XVI. Вознесение до мифа
Следует честно признать и твердо уразуметь, что водить ручкой по бумаге, дуть в затейливые, прихотливые подобы, изобретать метафоры и всякого рода близнецов словечек…
(природа богато, хоть куда, одарила Кузьму, а ведь сказано: кому много дано, с того много и спросится, завидные, выигрышные способности, невероятные, если позволительно так выразиться, сверхспособности, мастер импровизаций, умел выдумывать, изобретать художественные штучки, совершенство сверхформ, совершенное сверхподобие, настолько совершенно, что порою не вполне доходчиво в силу известной абстракции, разряженности, эллипсисов, да и сам ты, Кузьма, иногда не понимал, забывал смысл написанного, не говоря о несчастных твоих поклонницах, задыхающихся в безвоздушном пространстве эллипсисов и неизвестно откуда взятых цитат: “И спасибо за то, что так любезно удержался от цитирования. Почти не над чем было голову ломать” (видимо, из письма Лены Диксон, заокеанской, “звезды вечерней”); его находки на уровне лучших метафор Олеши, всяких там синих груш, цыганских девочек ростом с веник, мальчиков, запутавшихся в соплях!)

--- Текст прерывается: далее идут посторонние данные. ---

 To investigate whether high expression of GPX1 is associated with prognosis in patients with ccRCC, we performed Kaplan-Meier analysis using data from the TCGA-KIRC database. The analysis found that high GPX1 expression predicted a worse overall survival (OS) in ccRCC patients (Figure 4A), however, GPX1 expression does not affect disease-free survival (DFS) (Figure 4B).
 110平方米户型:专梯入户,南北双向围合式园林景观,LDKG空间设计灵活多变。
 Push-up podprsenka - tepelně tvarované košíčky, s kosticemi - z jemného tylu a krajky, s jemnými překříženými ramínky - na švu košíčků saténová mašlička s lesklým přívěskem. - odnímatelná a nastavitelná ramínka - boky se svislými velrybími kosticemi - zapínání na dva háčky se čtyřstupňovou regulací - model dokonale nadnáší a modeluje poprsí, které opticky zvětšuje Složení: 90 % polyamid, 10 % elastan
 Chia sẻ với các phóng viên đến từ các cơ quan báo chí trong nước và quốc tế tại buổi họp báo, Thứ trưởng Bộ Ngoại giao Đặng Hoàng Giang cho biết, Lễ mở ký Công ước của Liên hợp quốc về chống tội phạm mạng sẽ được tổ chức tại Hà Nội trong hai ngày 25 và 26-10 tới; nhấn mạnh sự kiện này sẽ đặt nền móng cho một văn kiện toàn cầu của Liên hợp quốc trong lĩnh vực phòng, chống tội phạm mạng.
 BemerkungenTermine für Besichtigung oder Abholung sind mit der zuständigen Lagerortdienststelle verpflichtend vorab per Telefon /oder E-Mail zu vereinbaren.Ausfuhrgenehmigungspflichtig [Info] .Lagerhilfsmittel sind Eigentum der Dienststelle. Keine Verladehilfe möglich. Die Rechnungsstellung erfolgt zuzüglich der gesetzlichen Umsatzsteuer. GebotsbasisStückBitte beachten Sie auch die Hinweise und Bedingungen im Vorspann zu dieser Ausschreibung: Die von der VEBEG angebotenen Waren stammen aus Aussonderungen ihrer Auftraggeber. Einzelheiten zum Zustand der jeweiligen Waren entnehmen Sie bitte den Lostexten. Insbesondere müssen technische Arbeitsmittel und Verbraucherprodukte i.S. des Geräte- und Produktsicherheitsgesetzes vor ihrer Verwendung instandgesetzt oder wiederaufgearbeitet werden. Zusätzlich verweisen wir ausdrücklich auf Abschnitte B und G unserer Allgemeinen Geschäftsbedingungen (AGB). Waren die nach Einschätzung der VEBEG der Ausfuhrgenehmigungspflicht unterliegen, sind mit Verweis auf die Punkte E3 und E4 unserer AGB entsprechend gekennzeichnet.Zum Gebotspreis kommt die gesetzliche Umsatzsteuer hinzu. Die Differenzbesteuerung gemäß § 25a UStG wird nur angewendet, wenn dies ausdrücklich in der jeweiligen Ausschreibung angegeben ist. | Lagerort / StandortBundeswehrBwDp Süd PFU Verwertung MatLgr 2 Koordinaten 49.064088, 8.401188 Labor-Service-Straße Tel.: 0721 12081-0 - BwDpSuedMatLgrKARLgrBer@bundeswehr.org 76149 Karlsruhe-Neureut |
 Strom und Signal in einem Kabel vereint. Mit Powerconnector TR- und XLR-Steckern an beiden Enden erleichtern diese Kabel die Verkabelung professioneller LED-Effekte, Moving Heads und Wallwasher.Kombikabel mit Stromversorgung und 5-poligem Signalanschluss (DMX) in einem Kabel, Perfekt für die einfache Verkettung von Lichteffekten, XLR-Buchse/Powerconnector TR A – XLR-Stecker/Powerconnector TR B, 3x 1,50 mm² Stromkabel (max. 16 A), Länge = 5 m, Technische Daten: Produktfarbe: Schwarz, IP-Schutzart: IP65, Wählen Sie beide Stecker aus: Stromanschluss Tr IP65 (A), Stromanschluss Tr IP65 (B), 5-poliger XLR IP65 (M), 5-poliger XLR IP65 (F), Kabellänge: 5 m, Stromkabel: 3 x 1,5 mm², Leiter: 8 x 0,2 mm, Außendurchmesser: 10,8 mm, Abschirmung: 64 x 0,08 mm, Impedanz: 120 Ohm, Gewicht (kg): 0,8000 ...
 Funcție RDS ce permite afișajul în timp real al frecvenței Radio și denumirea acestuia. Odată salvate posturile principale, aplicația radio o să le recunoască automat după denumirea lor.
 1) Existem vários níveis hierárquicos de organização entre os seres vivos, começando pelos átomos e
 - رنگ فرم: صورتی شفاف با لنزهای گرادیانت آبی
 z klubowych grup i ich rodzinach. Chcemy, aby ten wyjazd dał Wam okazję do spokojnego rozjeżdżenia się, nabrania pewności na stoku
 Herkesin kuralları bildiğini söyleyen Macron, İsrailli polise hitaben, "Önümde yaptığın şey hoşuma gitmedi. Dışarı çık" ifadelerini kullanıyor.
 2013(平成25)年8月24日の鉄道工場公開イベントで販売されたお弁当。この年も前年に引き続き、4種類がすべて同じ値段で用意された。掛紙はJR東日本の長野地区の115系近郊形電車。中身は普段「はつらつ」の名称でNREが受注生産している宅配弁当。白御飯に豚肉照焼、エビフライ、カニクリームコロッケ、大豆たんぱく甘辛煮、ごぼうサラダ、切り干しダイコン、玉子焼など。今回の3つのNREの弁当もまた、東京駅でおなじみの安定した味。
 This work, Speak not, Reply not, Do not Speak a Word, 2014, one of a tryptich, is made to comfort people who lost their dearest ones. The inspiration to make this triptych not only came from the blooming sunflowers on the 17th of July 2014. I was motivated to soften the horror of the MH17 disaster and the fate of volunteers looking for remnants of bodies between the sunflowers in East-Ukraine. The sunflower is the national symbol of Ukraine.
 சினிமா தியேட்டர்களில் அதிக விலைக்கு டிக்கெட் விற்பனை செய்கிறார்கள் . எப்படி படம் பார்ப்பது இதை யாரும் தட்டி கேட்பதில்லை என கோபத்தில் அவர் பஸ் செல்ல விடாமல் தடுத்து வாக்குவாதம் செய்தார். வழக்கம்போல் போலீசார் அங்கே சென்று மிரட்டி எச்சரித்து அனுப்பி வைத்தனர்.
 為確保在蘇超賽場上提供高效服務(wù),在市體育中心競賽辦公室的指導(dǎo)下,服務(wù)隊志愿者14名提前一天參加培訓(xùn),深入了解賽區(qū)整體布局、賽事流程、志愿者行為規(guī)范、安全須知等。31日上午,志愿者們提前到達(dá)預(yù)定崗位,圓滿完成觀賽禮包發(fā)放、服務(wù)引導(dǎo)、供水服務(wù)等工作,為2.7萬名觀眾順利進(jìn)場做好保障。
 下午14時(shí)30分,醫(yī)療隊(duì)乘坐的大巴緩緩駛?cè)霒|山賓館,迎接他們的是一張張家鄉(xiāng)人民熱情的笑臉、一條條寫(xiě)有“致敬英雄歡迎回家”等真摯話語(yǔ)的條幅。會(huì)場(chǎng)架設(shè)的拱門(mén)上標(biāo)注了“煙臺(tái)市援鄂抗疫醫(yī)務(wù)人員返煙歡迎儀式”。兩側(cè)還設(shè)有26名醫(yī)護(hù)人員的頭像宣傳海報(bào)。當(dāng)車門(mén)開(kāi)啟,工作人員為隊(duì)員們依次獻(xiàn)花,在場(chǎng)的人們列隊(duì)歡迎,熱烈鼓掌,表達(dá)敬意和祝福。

… – отнюдь не мушкетерское занятие, да и не занятие настоящего человека, избранника Божья, и не в этом Кузьма!почерк у него ужасный, развинченный, юродивый – натуральные, речистые каракули; Зощенко вообще считал, что писательство не мужское занятие (“Голубая книга”), это мнение о литераторах поддержали бы Чехов, Т. Манн; чтимый мною Парамонов (всегда с удовольствием его слушаю) смело прет еще дальше, готов декларировать культуроборческий, луддистский тезис, мол, все несчастья России проистекают из-за греховного, романтического преклонения перед литературой, из-за хороших книг, из-за всех этих бесчисленных Толстых, Достоевских, Пушкиных все наши неудачи, поражения, катастрофы; стишки, отраженную жизнь, фикцию, мы любим больше, чем самою жизнь. Не верим, не хотим верить, вредная поповская выдумка!
Я твердил, то и дело звал на подмогу Бердяева, повторял, всерьез доказывал, все так и должно быть, что от гения (т.е. от Кузьмы) и не должно ничего остаться, таков закон природы, неумолимый, неотвратимый рок; а теперь хочу попротиворечить себе: проза Кузьмы очень хороша и принадлежит к лучшим литературным образцам той эпохи, а главное, о ней без преувеличения можно сказать, что она написана абсолютно свободным, внутренне расконвоированным человеком. Осторожно вверну на этот раз не Бердяева, а себя, не потому, что так уж горячо люблю себя (острота Маяковского, “себе, горячо любимому”, вспомним!), а потому что подслушано, удачно было сказано, лучше, метче не скажешь, не большая беда и повторить; в повести “Кухня” (“Континент”, 1998, №95), Эдик Бирон, вообще-то персонаж из “Бунта”, говорит о кузьмовской “Белой уточке”: “…совершенно шедевральная штучка, вкус и энергия, точное, мускулистое слово, без изъяна, фактически это поэма, лучшее, что есть в современной русской литературе… смекалистая своя морфология, свой синтаксис, новое, нужное слово, ничего не скажешь”.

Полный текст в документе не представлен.